(Records contained in a dataset)
###

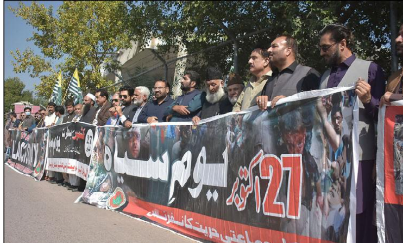
ISLAMABAD: Activists of All Party Hurriyat Conference in Islamabad under the auspices of Azad Jammu and Kashmir and Jammu and Kashmir Liberation Cell protest demonstration outside the United Nations Military Observer Group on the occasion of October 27 Black Day.

He said India's revocation of Jammu & Kashmir's autonomy unilaterally four years ago saw the deployment of hundreds of thousands of soldiers into the illegally occupied territories of Jammu and Kashmir. "Along with that, atrocities were committed, while placing the whole population under siege," He said, "We have also heard reports of how India is attempting to change the demographic composition of Jammu and Kashmir."
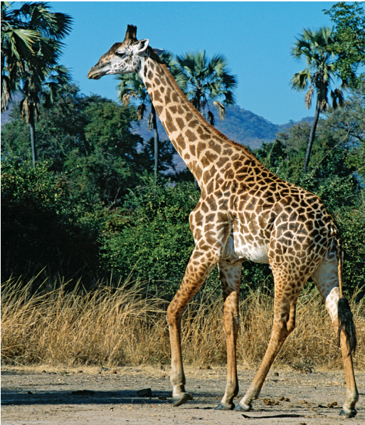
South Luangwa giraffe

Day 14: Arrive U.S. We arrive in the U.S. this morning and connect with our flights home.
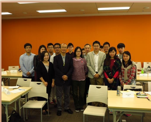
Group photo of guest speakers, SCM colleagues and participated students after the Workshop on 15 November 2014

參與工作坊的項目團隊包括來自恒生管理學院四年級的學生、公司的代表和香港貨運物流業協會會員。此次工作坊將提升參與者對於ISO14064，全球永續性報告書組織（Global Reporting Initiative, GRI），環境、社會與管治（Environmental, Social and Governance, ESG）有更深層次的理解，並且培訓參與者量化計算第三方物流營運的碳排放。
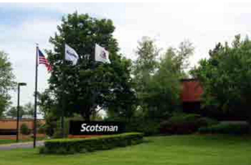
The Scotsman Industries headquarters in Vernon Hills, Illinois.

WHEREVER ICE IS NEEDED, SCOTSMAN INDUSTRIES IS THERE.

###

Find the word "Group" in the entries. Copy each line that holds it.

Your solution:
ISLAMABAD: Activists of All Party Hurriyat Conference in Islamabad under the auspices of Azad Jammu and Kashmir and Jammu and Kashmir Liberation Cell protest demonstration outside the United Nations Military Observer Group on the occasion of October 27 Black Day.
Group photo of guest speakers, SCM colleagues and participated students after the Workshop on 15 November 2014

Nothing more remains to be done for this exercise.